Victorian authorities have imposed some of the toughest restrictions in the world on residents living in Melbourne but an expert has warned worse could be in store if the current stage 4 restrictions don’t work.
In releasing a list of industries that would be forced to close, Premier Daniel Andrews caused confusion yesterday when he referred to the possibility of stage 5 restrictions.
On Sunday, Mr Andrews announced stage 4 restrictions in Melbourne that prohibit people from leaving their homes unless it’s for one-hour of exercise a day.
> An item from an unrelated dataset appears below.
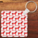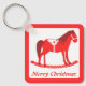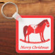 Esta divertida cadena de Navidades de doble cara presenta una imagen de arte digital de un lindo caballo balancín de estilo escandinavo. El caballo es rojo con un mané rojo oscuro, cola y pezuñas. El caballo amistoso sonríe. Tiene una silla blanca y riendas con motivos folclóricos escandinavos bonitos en la silla, incluyendo el sol, la luna y las estrellas y los corazones y flores. La base del mecedor es roja y está cubierta de hojas blancas de bonito. El diseño se inspiró en el caballo Dala sueco. Hay texto personalizado para que puedas personalizar este diseño con tu propio mensaje.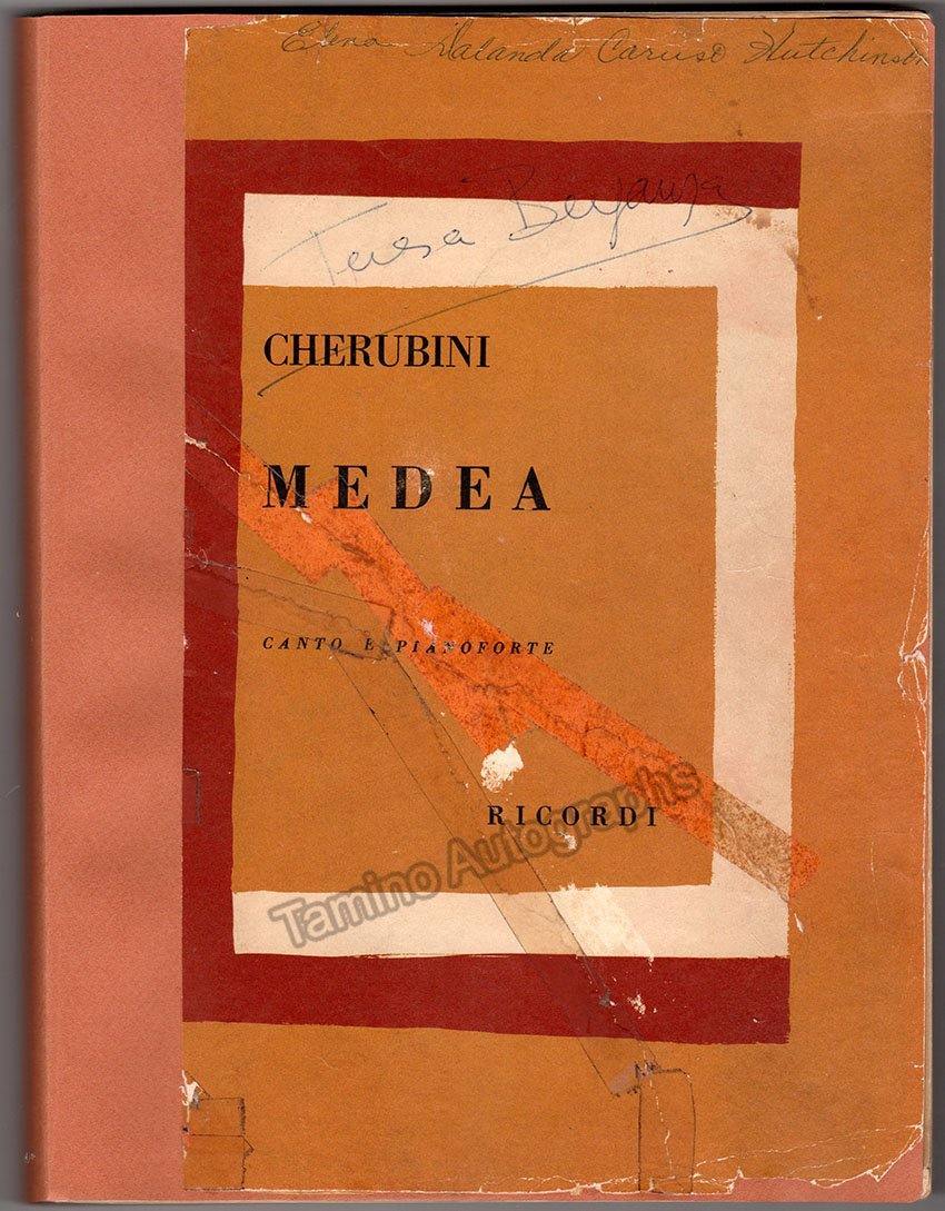 Signers include Maria Callas (this is signed by her husband, who made her signature, and not by her hand), who also wrote "Medea, Dallas 1958" under her signature on the title page of this score, John Vickers, conductor Nicola Rescigno, Teresa Berganza (who signed on the front cover), Jon Vickers, Franco Zeffirelli, and many other signatures we could not identify, probably staff members of the opera house, some of the signatures are dated in 1958.

One person in the household is allowed to do grocery shopping.
Retail, some manufacturing and administration businesses will be forced to close while supermarkets, grocery stores, bottle shops and pharmacies are among the businesses allowed to keep operating.
Mr Andrews said if these coronavirus restrictions could get infections under control then they would not have to countenance even further action.
“The damage from which would be altogether, well, it would be in another category, it would go even beyond this because it wouldn’t just be changing how the economy works, it will be changing very much the way we live our lives even further,” he told reporters.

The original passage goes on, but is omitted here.